» Recorded information:
● ● ●

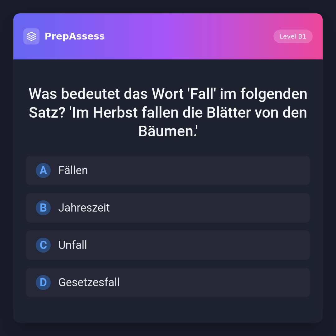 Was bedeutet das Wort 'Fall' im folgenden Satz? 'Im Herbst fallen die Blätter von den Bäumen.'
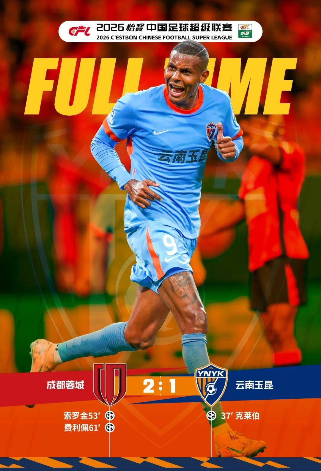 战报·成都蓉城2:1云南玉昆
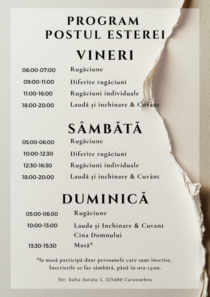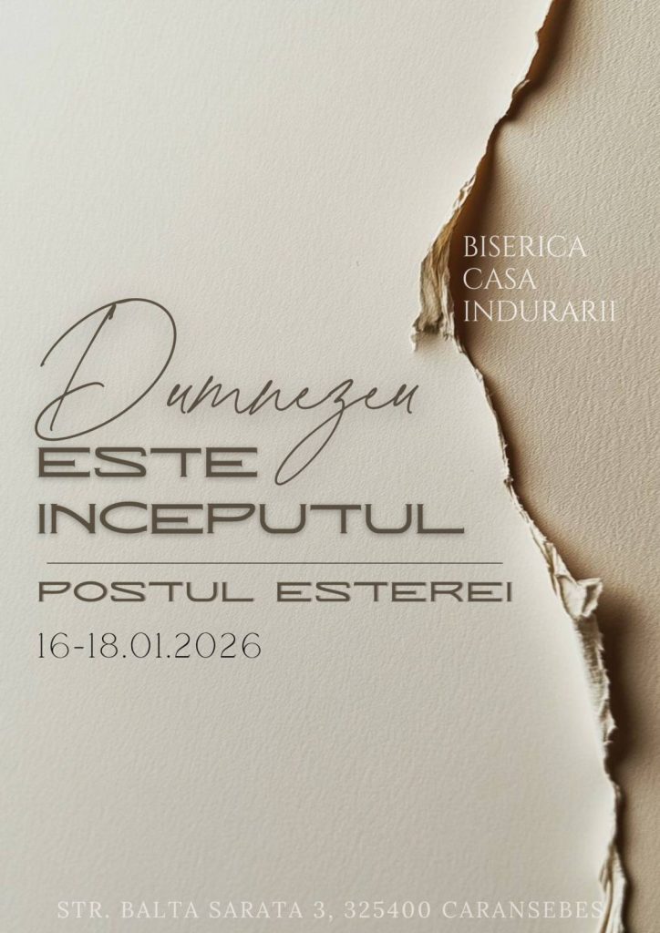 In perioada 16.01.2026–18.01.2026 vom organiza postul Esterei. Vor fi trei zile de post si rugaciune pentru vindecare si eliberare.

● ● ●

» What is needed:
No pictures belong in the copy. Repeat the listing above exactly.

» Response to this task:
 Was bedeutet das Wort 'Fall' im folgenden Satz? 'Im Herbst fallen die Blätter von den Bäumen.'
 战报·成都蓉城2:1云南玉昆
 In perioada 16.01.2026–18.01.2026 vom organiza postul Esterei. Vor fi trei zile de post si rugaciune pentru vindecare si eliberare.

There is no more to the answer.